When we meet someone for the first time, the first question we consciously or subconsciously ask ourselves is, can I trust them? John Bargh, an expert on the unconscious mind, writes in his book Before You Know It: The unconscious reasons we do what we do: ‘Trust is the basis of all our close relationships in life, and when you come right down to it, our close relationships are the most important things in each of our lives.’ 

He points out that evolution has given our stone-age brain cues about who to trust and cooperate with. These cues are about whether people are similar to us. According to Bargh, in our tribal hunter-gatherer days, we rarely met strangers, and when we did, more often than not they came as foes rather than friends. ‘As a result, we cannot help but divide our social world into US and THEM, no matter that the dividing factors are things we have no control over, like our skin colour or place of origin.’

So given our propensity to unconsciously divide relationships into ‘us and them’, how do we avoid ‘us and them’ standoffs occurring in the first place? And how can we turn an ‘us and them’ standoff into a friction-free ‘we’ relationship built on trust?

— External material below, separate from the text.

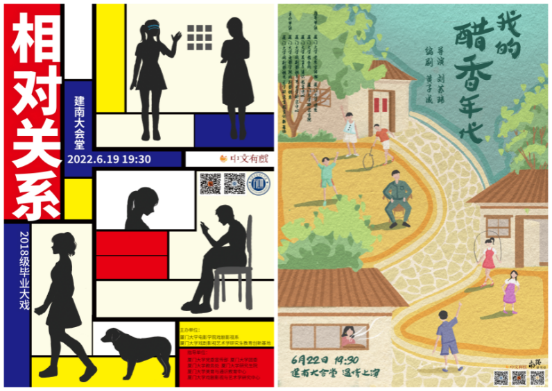 2022年中文有戏演出季,是厦门大学第十三届演出季,也是电影学院成立后的第一届演出季。不同于以往话剧、电影、相声曲艺三大版块集结演出的方式,本届中文有戏演出季以话剧展演为主,由电影学院副教授王晓红、助理教授许昳婷指导,重新整合、再度出发,推出了两部原创作品——电影学院戏剧影视系2018级毕业大戏《相对关系》、由电影学院指导的南强话剧社《我的醋香年代》,演出反响热烈。

To begin with, we need to practise getting things into perspective – developing the ability to see the world through the eyes of another person. This perspective allows us to consider the needs of others, fosters cooperation, increases information-sharing and makes us more productive at problem-solving. We become more effective at doing this when we shift our focus from our own selfish goals to those we share with the other party. When we stop looking at others as ‘them’ and instead picture them as individuals, opportunities to productively collaborate multiply.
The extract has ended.